First Vice President of Sudan
- In office 1977–1979
- President: Jaafar Nimeiry
- Preceded by: Mohamed al-Baghir Ahmed
- Succeeded by: Abdul Majid Hamid Khalil

Personal details
- Born: November 1937 Omdurman, Anglo-Egyptian Sudan
- Died: 20 April 2022 (aged 84)

= Abu el-Qassim Mohamad Ibrahim =

Sudanese soldier and politician (1937–2022)

Abu el-Qassim Mohamad Ibrahim (1937–2022) was a Sudanese soldier and politician.

Ibrahim was born in November 1937 in Omdurman. He was educated at the Military College of Sudan until 1961. He had a military career, and was an instructor at the Infantry Training School in Gebeit from 1968 to 1969.

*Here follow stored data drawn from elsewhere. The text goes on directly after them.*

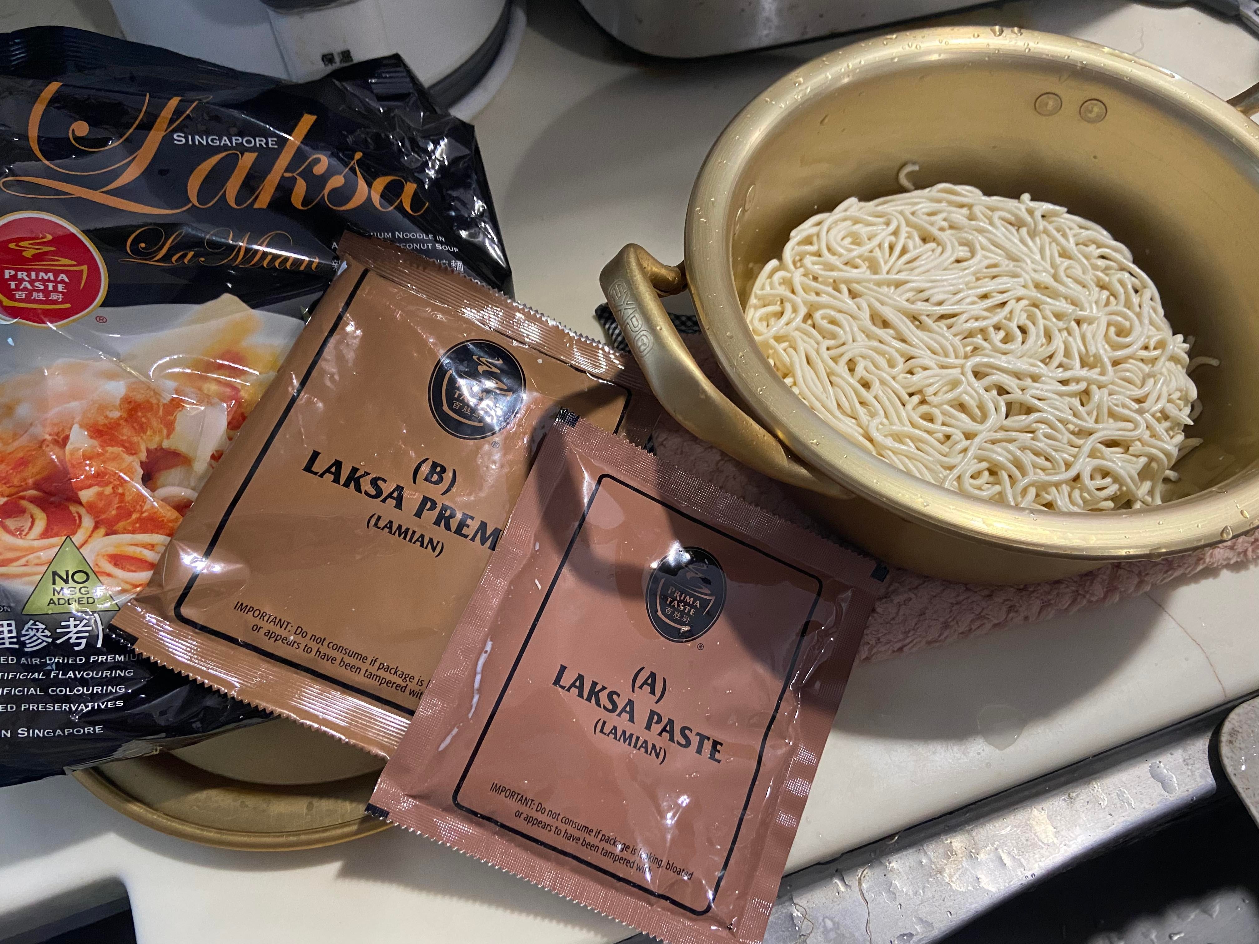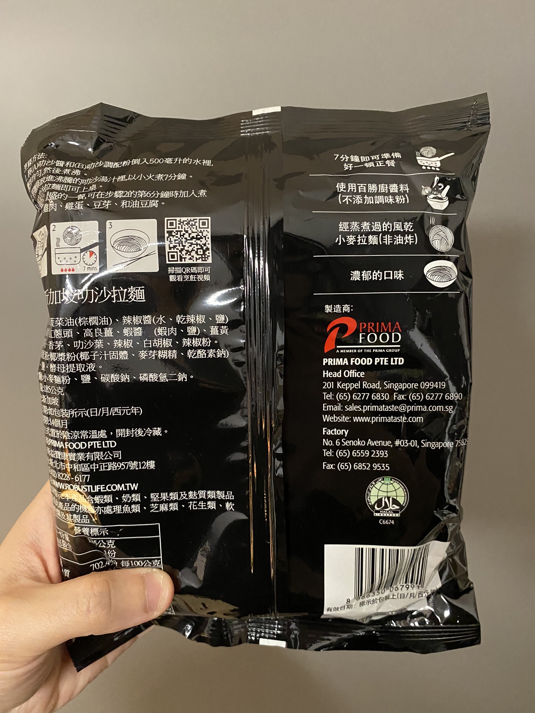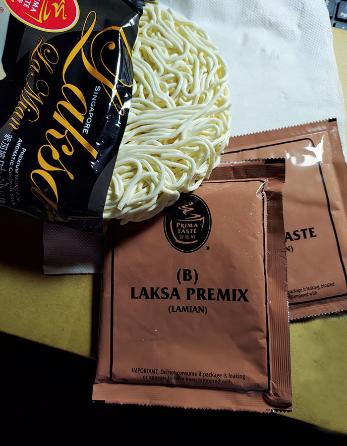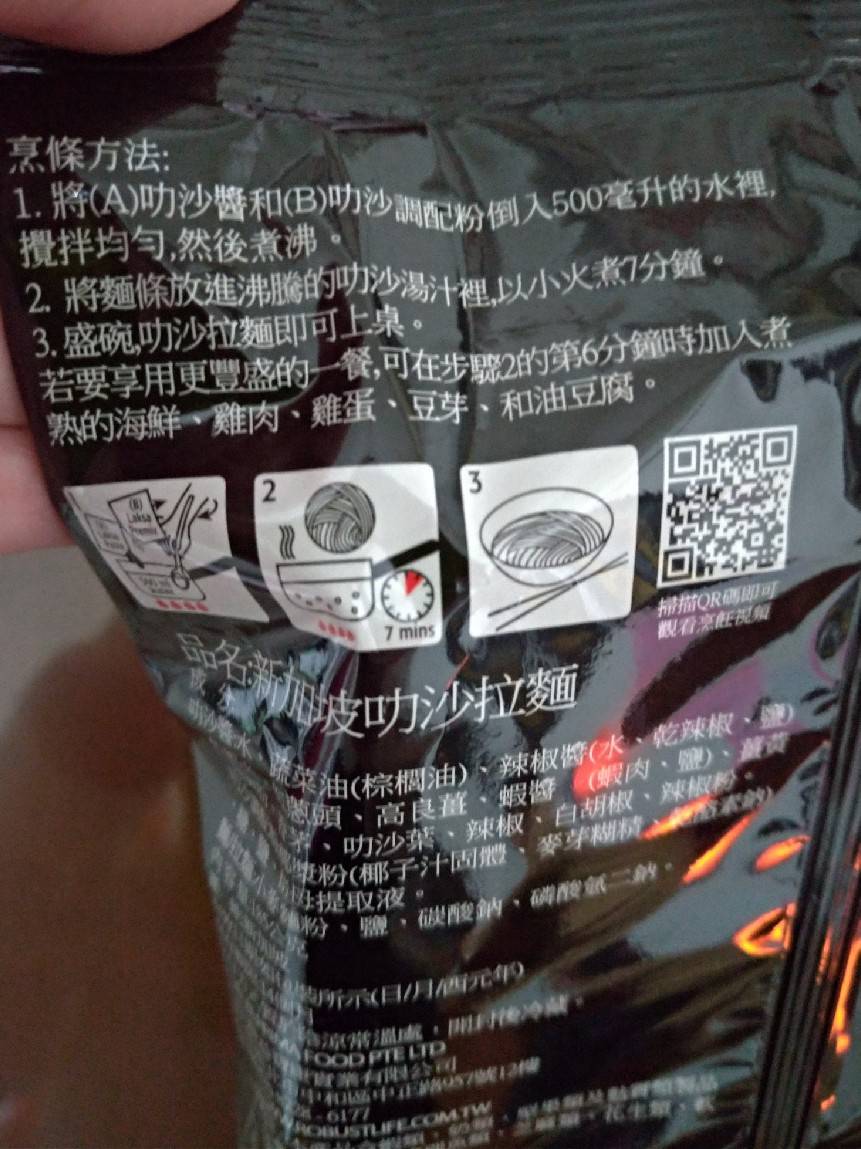 叻沙醬:水、蔬菜油(棕櫚油)、辣椒醬(水、乾辣椒、鹽)、乾蝦米、紅蔥頭、高良薑、蝦醬(蝦肉、鹽)、薑黃、薑黃粉、香茅、叻沙葉、辣椒、白胡椒、辣椒粉
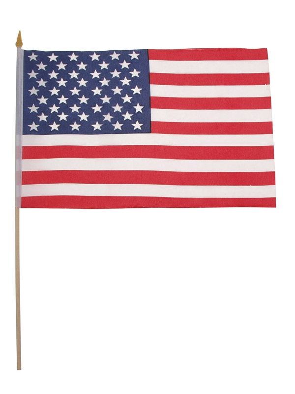 Vlajka USA na dřevěné žerdi, rozměr: 30 x 45 cm. Vlajka je vyrobena z polyesteru a je natažen na dřevěné rukojeti, dá se tak kamkoli zapíchnout, případně zavěsit.
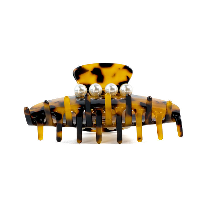 elegant simple custom hair claw embed white pearls tortoiseshell acetate claw clip high quality wholesale hair accessories
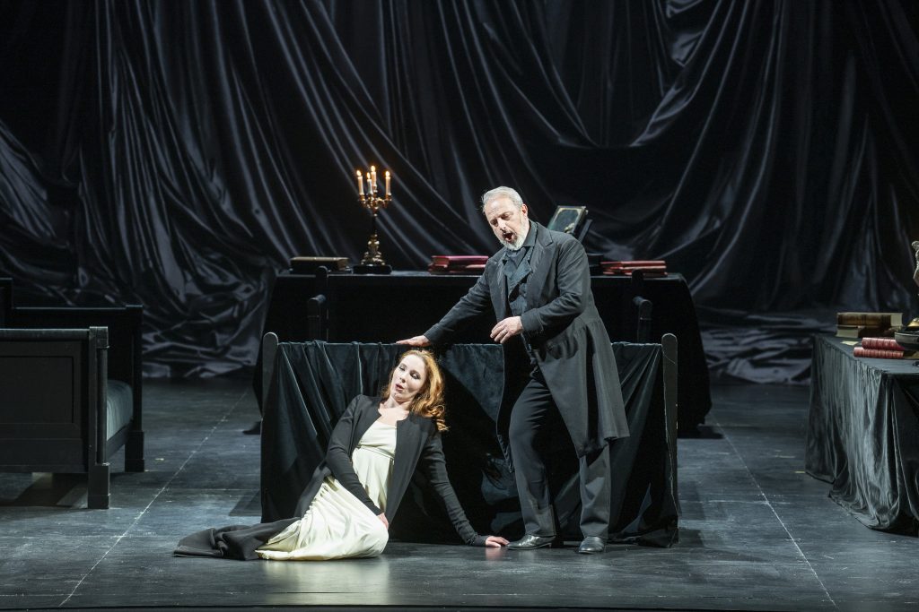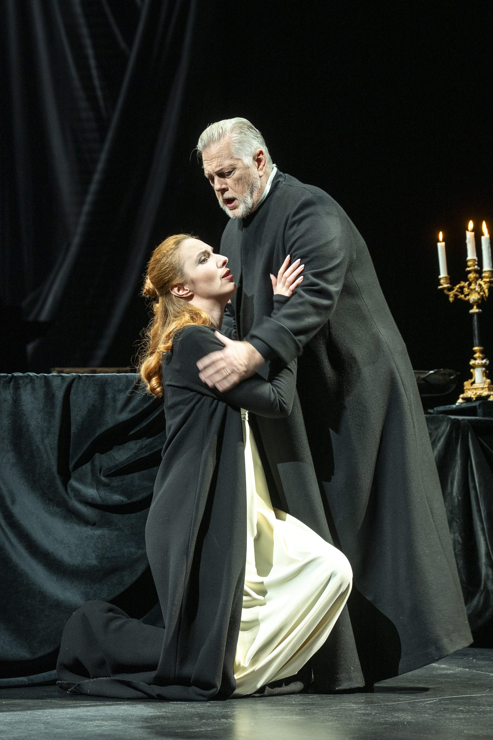 Terzetto protagonista dunque eccellente. A cominciare proprio dallo Stiffelio di Gregory Kunde, da qualche anno passato a Verdi dopo una lunga militanza rossiniana: anzi, è forse da questa consuetudine con il belcanto che deriva la sua straordinaria capacità di controllo vocale, a dispetto dell’anagrafe (settantadue anni fra un mese). Il tenore ha reso con straordinaria efficacia espressiva il conflitto interiore che attanaglia il protagonista, in virtù di un canto che, se con il tempo ha perso qualcosa in termini timbrici, resta formidabile per risonanza e densità interpretativa. Sua moglie Lina è la giovane Lidia Fridman, soprano dall’emissione sempre impeccabile e sicura, scandita da fiati lunghissimi: una figura astratta e quasi immateriale tanto è diafana e filiforme, capace però di esprimere con grande intensità (vedi l’aria Ah! dagli scanni eterei) il suo turbamento per i cedimenti avuti in assenza del marito. Nei panni del vecchio padre Stankar, preoccupato di difendere un’astratta idea di onore della famiglia, Vladimir Stoyanov è stato in grado ancora una volta di rispondere a tutti i desiderata del baritono verdiano, in termini di scorrevolezza della linea vocale non meno che di accento e fraseggio. Bello e giovane, il tenore Carlo Raffaelli ha evidenziato apprezzabile precisione, ed è apparso adattissimo sul versante scenico a incarnare il fatuo tentatore di Lina. Completava il quintetto protagonistico Adriano Gramigni, che ha interpretato il vecchio ministro Jorg con una voce di basso forse meno ieratica del dovuto.
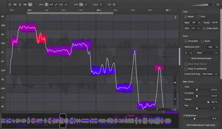 Vovious is a vocal-editing and pitch-correction tool that combines. neural-network pitch detection with a modern, DAW-integrated interface. It allows precise control over pitch, slope, vibrato, formants, and amplitude, and it includes advanced tools such as freehand pitch drawing and a temporary-note editor for micro-level adjustments. Timing can be corrected visually through a color-coded grid that shows how notes fit the beat, and sibilants, breaths, and noise can be edited independently for a clean, natural sound.
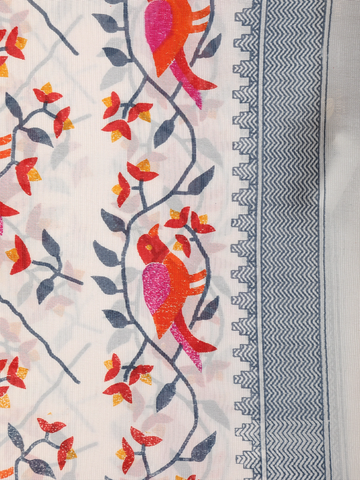 The ivory white base is beautifully enhanced with vibrant red bird and floral prints, delicately arranged along intertwining vine motifs. Subtle grey stems and leaf details add balance and depth, while the contrasting printed border lends a neat, refined finish to the overall design. The lively red accents stand out gracefully against the serene ivory backdrop, creating a charming visual appeal.
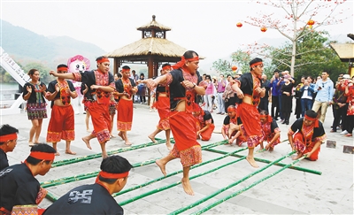 黎族民间艺人在昌化江畔木棉观景台为游人表演竹竿舞。 苏晓杰 特约记者 林朱辉 摄

Ibrahim became a members of the National Revolutionary Command Council in 1969. He was then appointed to a number of cabinet positions. He was appointed as Minister of Local Government in October 1969 and served until July 1970. He was assistant Prime Minister for the Armed Forces from July to November 1970. He was Minister of the Interior from November 1970 to October 1971. He was Minister of Health from October 1971 to October 1973, and then Minister of Health and Social Welfare until 1974. He was Minister of Agriculture, Food and Natural Resources from 1974 to 1976. He was also part of Sudanese Socialist Union political bureau. Ibrahim was military commander in Khartoum Province from 1976 to 1979. He was appointed First Vice President of Sudan from 1977 to 1979. Later he was appointed Minister of National Assembly Affairs.

Ibrahim was again Minister of Health from January 2000 to June 2001. He died on 20 April 2022.